Medical consultations via TV or the Internet will be available for citizens in rural areas, after the National Assembly yesterday approved a bill making telemedicine practices legal. The bill is expected to take effect sometime next year.

Previously, only telemedicine consultations between doctors and medical experts were allowed. With this revision doctor-patient consultations through TV, the Web or smartphones will be legal.

The Ministry of Health and Welfare estimates that with this revision, around 4.5 million people will benefit from telemedicine consultations. This includes residents in remote or rural areas, the disabled, military personnel and prisoners.
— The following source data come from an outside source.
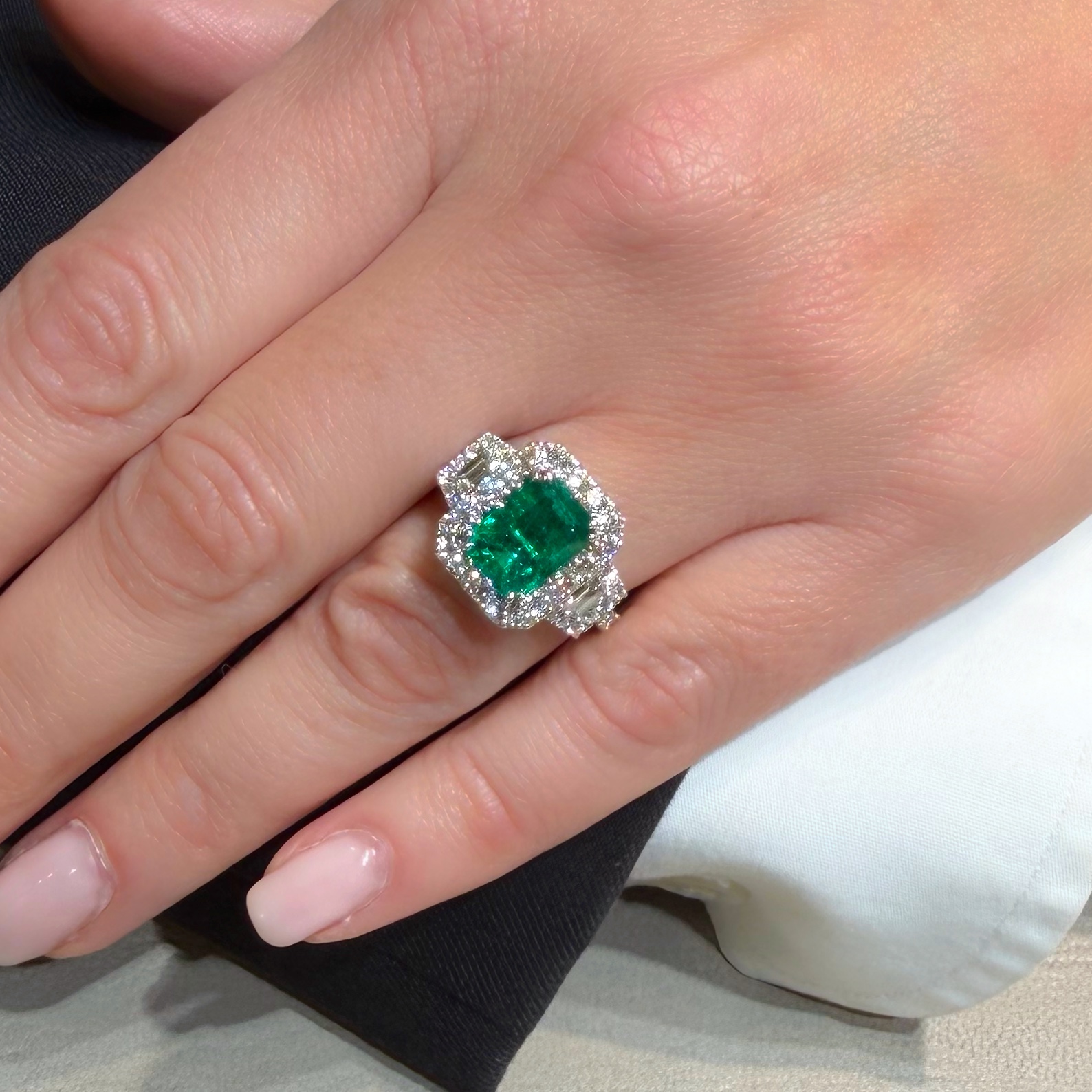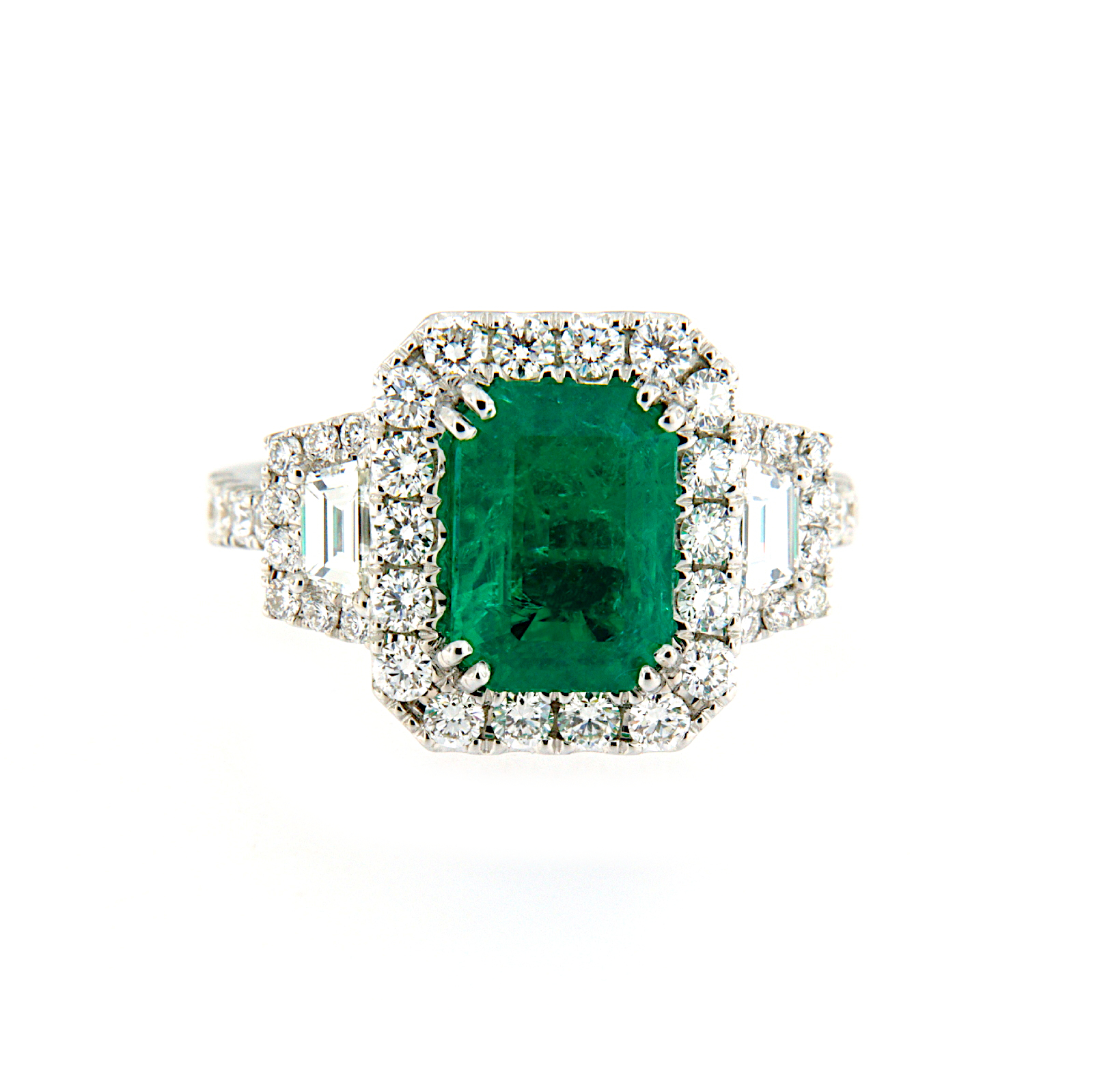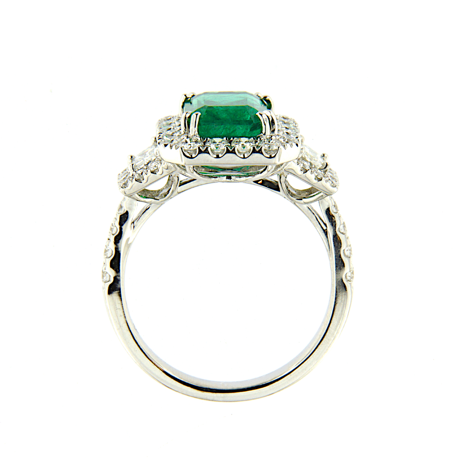 Anello in oro bianco con incassato uno smeraldo centrale circondato da una cornice di diamanti taglio brillante e preziosa coppia di diamanti taglio trapezio laterali anche essi circondati da diamanti taglio brillante che si estendono fino al gambo.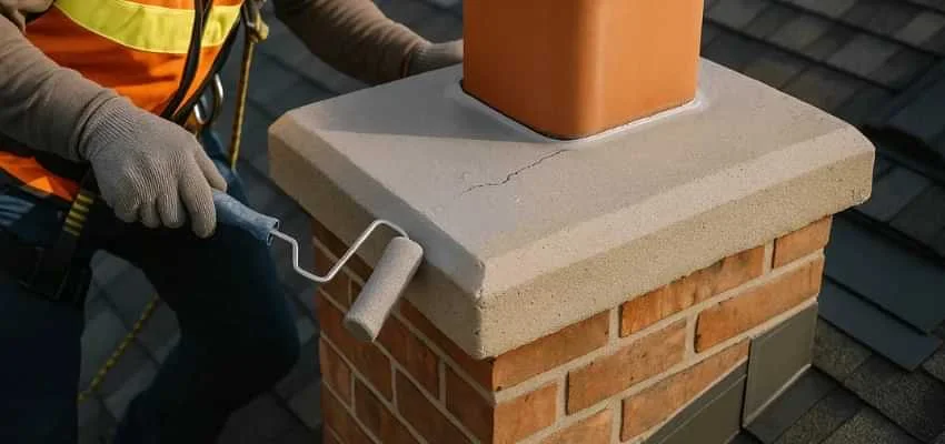 A cracked crown channels water into the flue and masonry below. We form a reinforced crown with the right overhang and drip edge, then apply penetrating sealers to reduce freeze thaw stress. Homes throughout Jefferson, Richmond Hill gain resilience and cleaner rooflines after storms.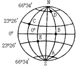 2、综合题 读图,C点所在经线为本初子午线,当A点正午太阳高度角为0°时,回答下列问题。(10分)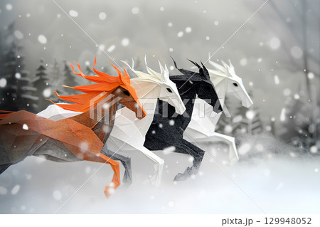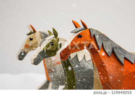 三匹小馬駒在牧場玩耍(馬年、十二生肖、新年賀卡材料)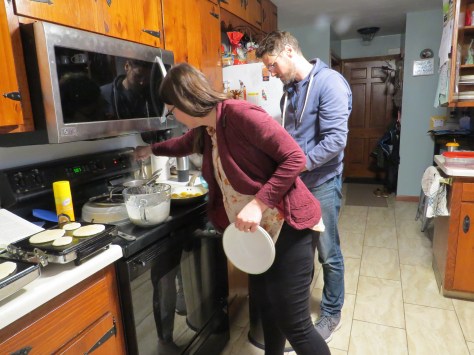 Among several meals enjoyed with the family was the Sunday evening meal featuring eggs (with cheese) and pancakes which Andrew and Alissa worked together to prepare in the family’s kitchen.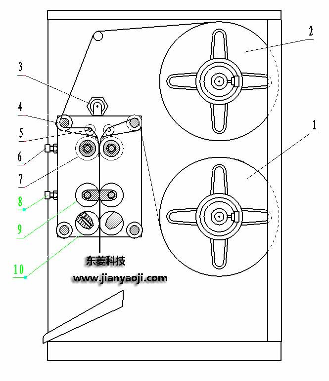 (2) 两卷PE卷分别装在上、下芯轴杆上。上卷按逆时针转动方向安装,下卷按顺时针转动方向安装;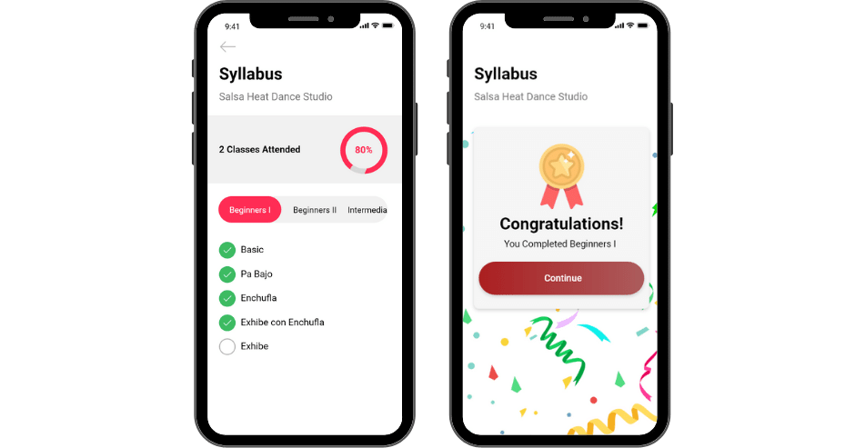 Check off the dance moves you learn from the syllabus in the app to see your progress over time.

Telemedicine consultations will save around 430 billion won ($382.8 million), per year the ministry added.

But doctors are opposing the bill, saying that telemedicine practices might not be safe and will ultimately lead to the collapse of the present hospital system.

“Although we agree in theory that telemedicine will be beneficial, we are opposed to telemedicine consultations between doctors and patients,” said the Korean Medical Association yesterday in a press release. The KMA is the largest doctors’ group in Korea.

The association also said that telemedicine practices need to be thoroughly re-evaluated and that related pilot projects must be conducted before passing the bill. It warned that “If the government ignores the advice of medical experts and patients’ safety, and if the present hospital system is compromised, the government will have to take sole responsibility.”

Kim Joo-han, a Seoul National University professor in charge of SNU hospital’s pilot programs for telemedicine practices, said that because the bill is limited to residents of rural areas, the effect will be minimal because rural deliveries of medicine will still be expensive.